══ Entries supplied

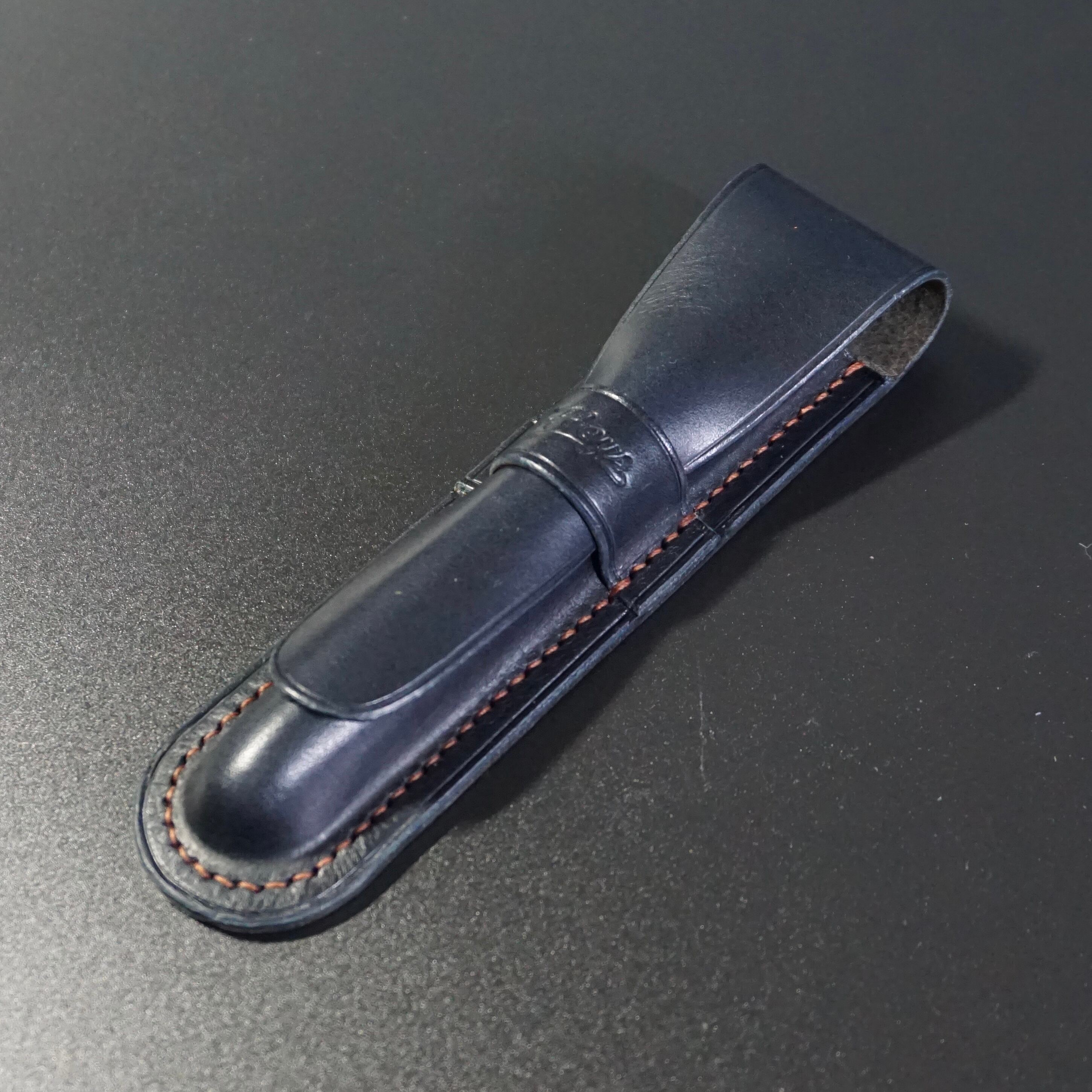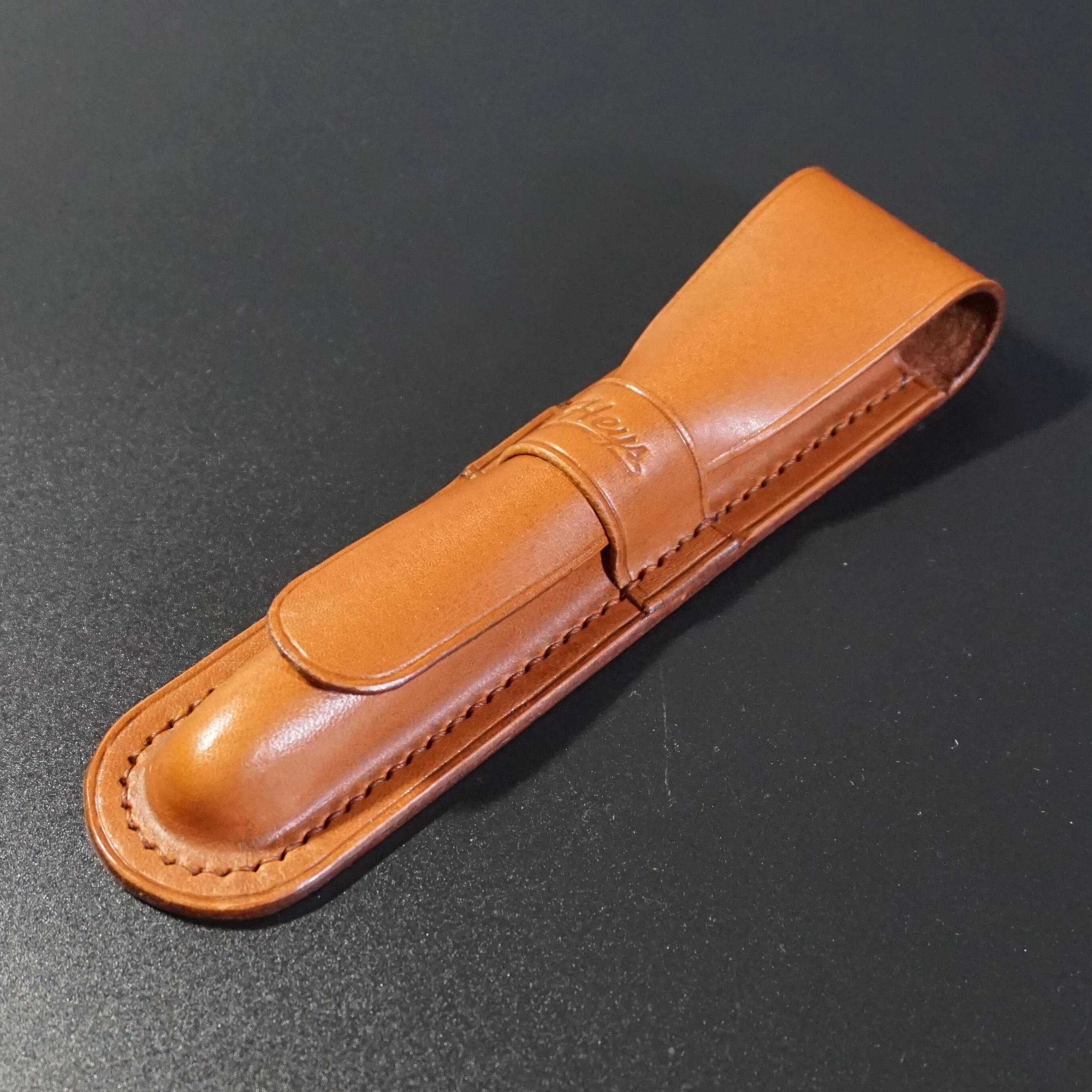 オイルレザー【ブルガロ】を使用したペンシースです。
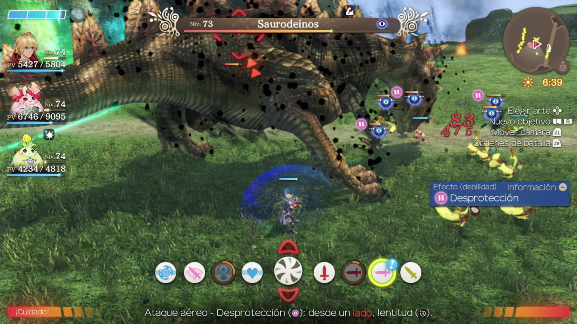 Algo parecido nos ocurre con su sistema de combate, demasiado simplificado respecto al juego principal, con menos opciones de personalización (se pierden los poderes), la imposibilidad de ver el futuro y el cambio de los ataques en cadenas por un simple movimiento especial con diferentes efectos que gana en potencia y efectividad según el número de nopón que hayamos reclutado para nuestra causa en una serie de misiones secundarias. Estos pequeños personajes no son jugables, pero nos seguirán a todas partes y nos darán apoyo de diferentes formas, ya sea curándonos, fortaleciéndonos o incluso atacando, de modo que cuantos más reclutemos, más fáciles nos resultarán los enfrentamientos.
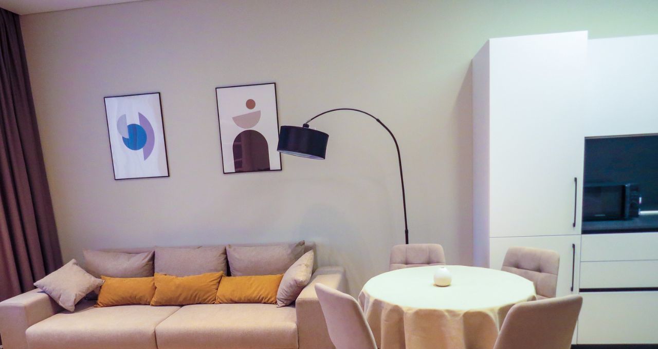 ИНТЕРЬЕР КВАРТИРЫ : Здесь вас ждут стильная мебель и качественная техника, которые создадут уютную атмосферу и позволят вам сразу же насладиться жизнью в новом доме. Пространство продумано—удобства и уют в каждом уголке. Квартира выполнена в современном стиле: мягкие пастельные тона, тёплое освещение,. Полностью укомплектована всей необходимой бытовой техникой и мебелью. -гостиная , уютная спальня. ПАНОРАМНЫЕ окна, , теплые полы.
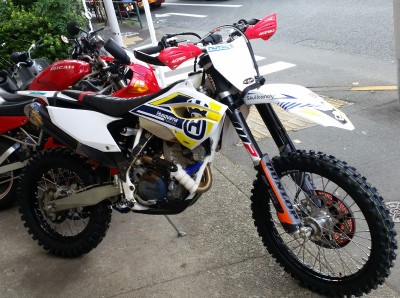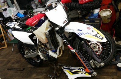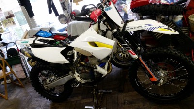 2年振りの8耐へ 全車皆兄弟 2021年09月16日 今週末はオフの『8耐』『第36回パワーエンデューロ8H』に 伊東二輪林道部 レギュラーメンバー共々 参戦してきます。 tetsuがエンデューロレースを本格的にやるハメになった 主因レースです。 それもこれも K主任のおかげですが(笑)。 今回も tetsuの ハスク FE号。ライダー tetsu・Sin・K主任 でのいつもの3人で組みます。 昨年 この3人で参戦予定でしたが中止となったので 今年の開催には皆 気合も入っております。 もう一組は全員 久しぶりのレース&初タッグの S部長・ヨシケン・渡 組み。 2チーム 6人出走です。 そんな自分のFEのレース用意を今週始め頃からお店終わったあとや開店前に作業していたわけでして。 基本的整備からタイヤ交換、オイル交換としてきてサイドカウルも新調に。 実は昨年の8耐前に割れ等でボロくなったシュラウドカバー左右をキレイにすべく その部分だけの部品、デカールは入手しておりました。しかし昨年は8耐が中止になったこともあり カウルもそのまま補修して使用延長しておりました。 やはり今回を機におめかししておかないと「いつ使うんだ!」ってなりそうだったので(笑)。 それにデカールの接着剤も劣化していって粘着力自体落ちてしまいますからね。 ということで 新調しても 今までと同じデカールなので 見栄えもキレイになっただけとも(笑)。 因みにフロント周りは主任の300XCWよりごっそり移植しているので一部オレンジ色が入っておりますがこれがまたアクセントでカッコイイです。 でもって シートカウル部分のデカールも貼り換えたので 全体的にリフレッシュされた感があって やはり気持ちいいですね! 今回は 各部のセッティングも今までより大きく変更したこともあり それが吉になってくれることを期待!(3人試走のインプレは別のバイクになった感じとも.....) これで準備万端 、今回も 最後まで宜しくたのんだぜ! FEくん!! ということで週末 18日・19日はレースの為 休業します!すみません!!
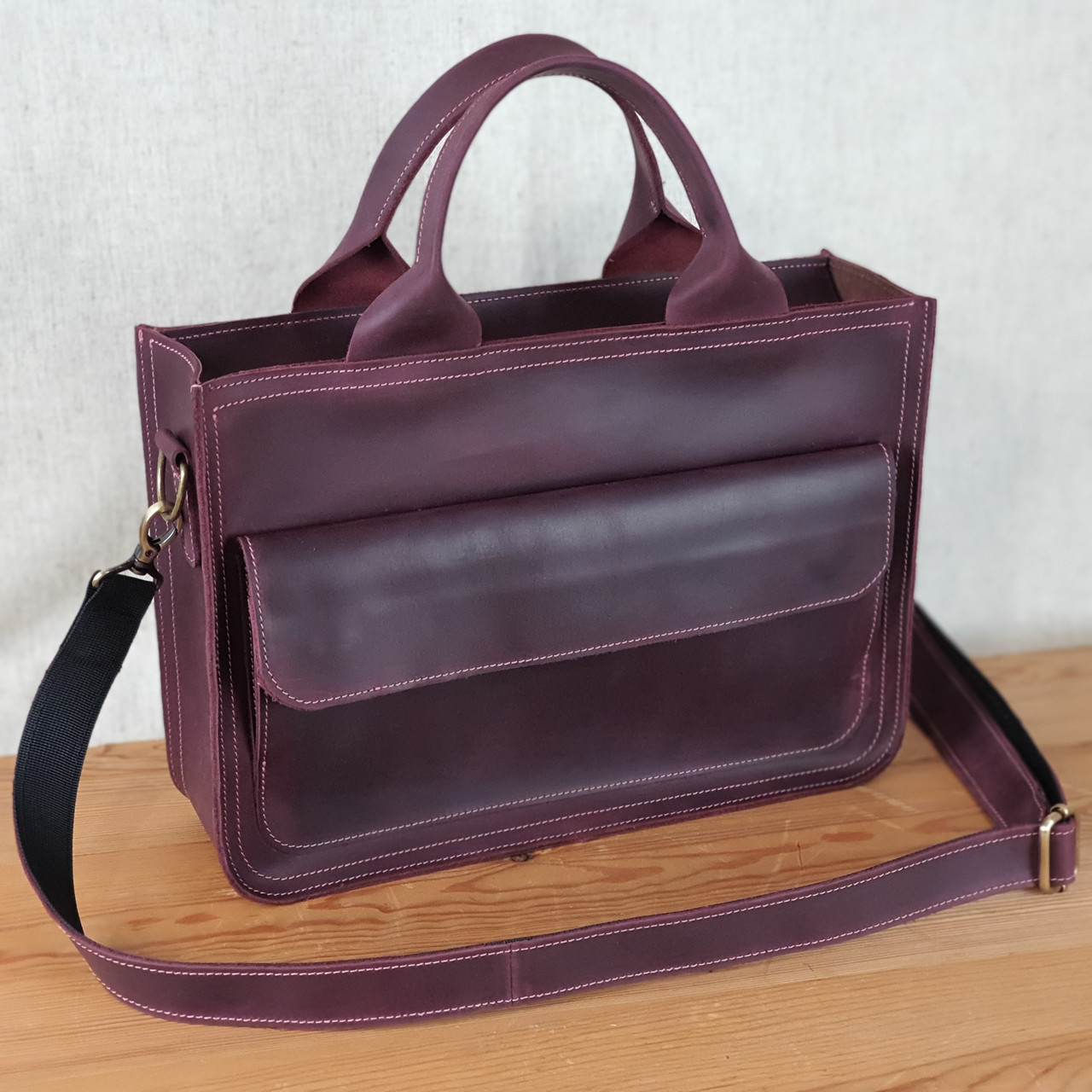 Жіноча ділова сумка GS з натуральної шкіри Crazy Horse бордового кольору. Цей вид шкіри відрізняється підвищеною міцністю і вінтажним ефектом старіння.
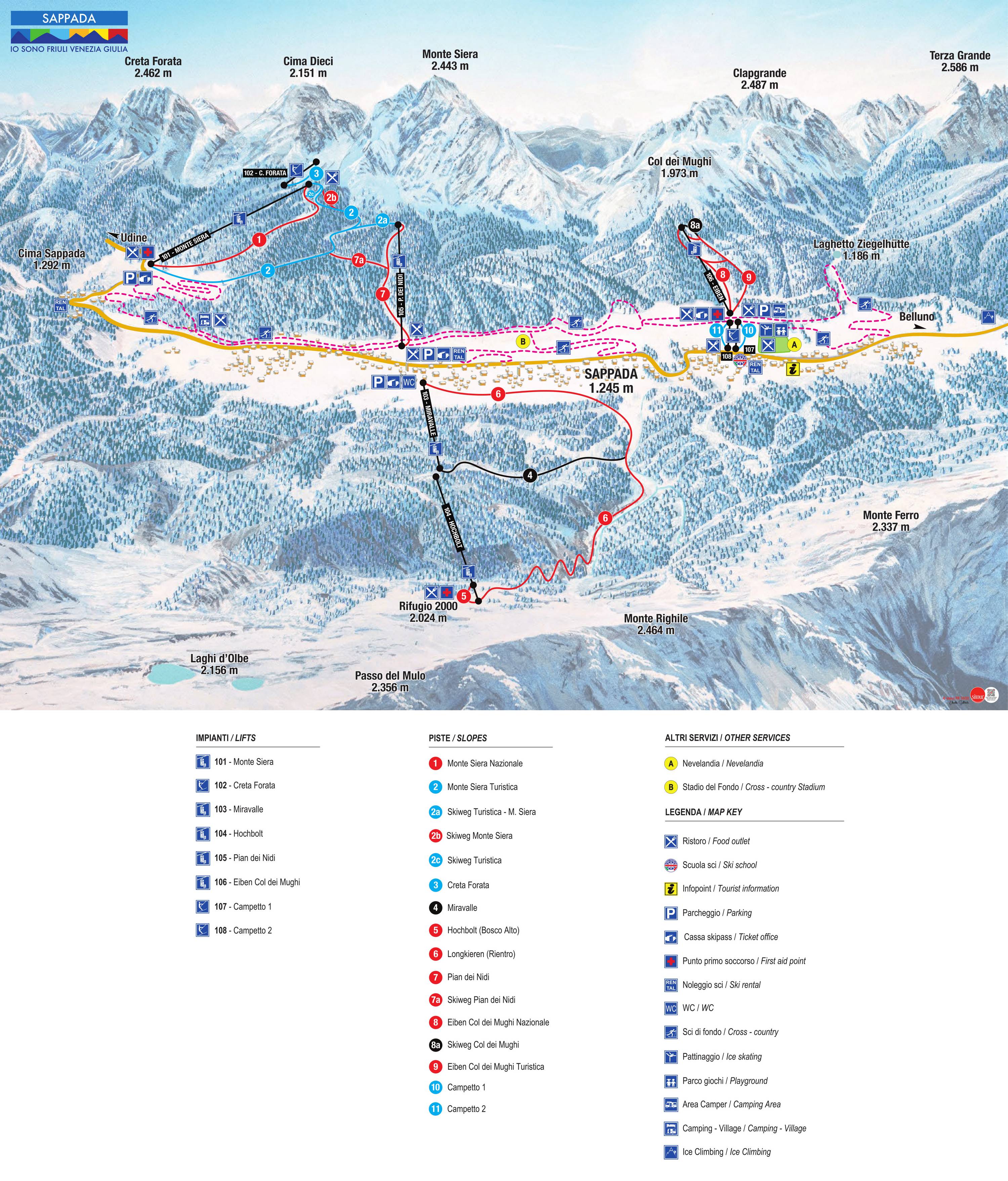 Mappa delle piste Sappada Stagione 2025/2026

════

What you return should match the records line for line, minus the pictures.

 オイルレザー【ブルガロ】を使用したペンシースです。
 Algo parecido nos ocurre con su sistema de combate, demasiado simplificado respecto al juego principal, con menos opciones de personalización (se pierden los poderes), la imposibilidad de ver el futuro y el cambio de los ataques en cadenas por un simple movimiento especial con diferentes efectos que gana en potencia y efectividad según el número de nopón que hayamos reclutado para nuestra causa en una serie de misiones secundarias. Estos pequeños personajes no son jugables, pero nos seguirán a todas partes y nos darán apoyo de diferentes formas, ya sea curándonos, fortaleciéndonos o incluso atacando, de modo que cuantos más reclutemos, más fáciles nos resultarán los enfrentamientos.
 ИНТЕРЬЕР КВАРТИРЫ : Здесь вас ждут стильная мебель и качественная техника, которые создадут уютную атмосферу и позволят вам сразу же насладиться жизнью в новом доме. Пространство продумано—удобства и уют в каждом уголке. Квартира выполнена в современном стиле: мягкие пастельные тона, тёплое освещение,. Полностью укомплектована всей необходимой бытовой техникой и мебелью. -гостиная , уютная спальня. ПАНОРАМНЫЕ окна, , теплые полы.
 2年振りの8耐へ 全車皆兄弟 2021年09月16日 今週末はオフの『8耐』『第36回パワーエンデューロ8H』に 伊東二輪林道部 レギュラーメンバー共々 参戦してきます。 tetsuがエンデューロレースを本格的にやるハメになった 主因レースです。 それもこれも K主任のおかげですが(笑)。 今回も tetsuの ハスク FE号。ライダー tetsu・Sin・K主任 でのいつもの3人で組みます。 昨年 この3人で参戦予定でしたが中止となったので 今年の開催には皆 気合も入っております。 もう一組は全員 久しぶりのレース&初タッグの S部長・ヨシケン・渡 組み。 2チーム 6人出走です。 そんな自分のFEのレース用意を今週始め頃からお店終わったあとや開店前に作業していたわけでして。 基本的整備からタイヤ交換、オイル交換としてきてサイドカウルも新調に。 実は昨年の8耐前に割れ等でボロくなったシュラウドカバー左右をキレイにすべく その部分だけの部品、デカールは入手しておりました。しかし昨年は8耐が中止になったこともあり カウルもそのまま補修して使用延長しておりました。 やはり今回を機におめかししておかないと「いつ使うんだ!」ってなりそうだったので(笑)。 それにデカールの接着剤も劣化していって粘着力自体落ちてしまいますからね。 ということで 新調しても 今までと同じデカールなので 見栄えもキレイになっただけとも(笑)。 因みにフロント周りは主任の300XCWよりごっそり移植しているので一部オレンジ色が入っておりますがこれがまたアクセントでカッコイイです。 でもって シートカウル部分のデカールも貼り換えたので 全体的にリフレッシュされた感があって やはり気持ちいいですね! 今回は 各部のセッティングも今までより大きく変更したこともあり それが吉になってくれることを期待!(3人試走のインプレは別のバイクになった感じとも.....) これで準備万端 、今回も 最後まで宜しくたのんだぜ! FEくん!! ということで週末 18日・19日はレースの為 休業します!すみません!!
 Жіноча ділова сумка GS з натуральної шкіри Crazy Horse бордового кольору. Цей вид шкіри відрізняється підвищеною міцністю і вінтажним ефектом старіння.
 Mappa delle piste Sappada Stagione 2025/2026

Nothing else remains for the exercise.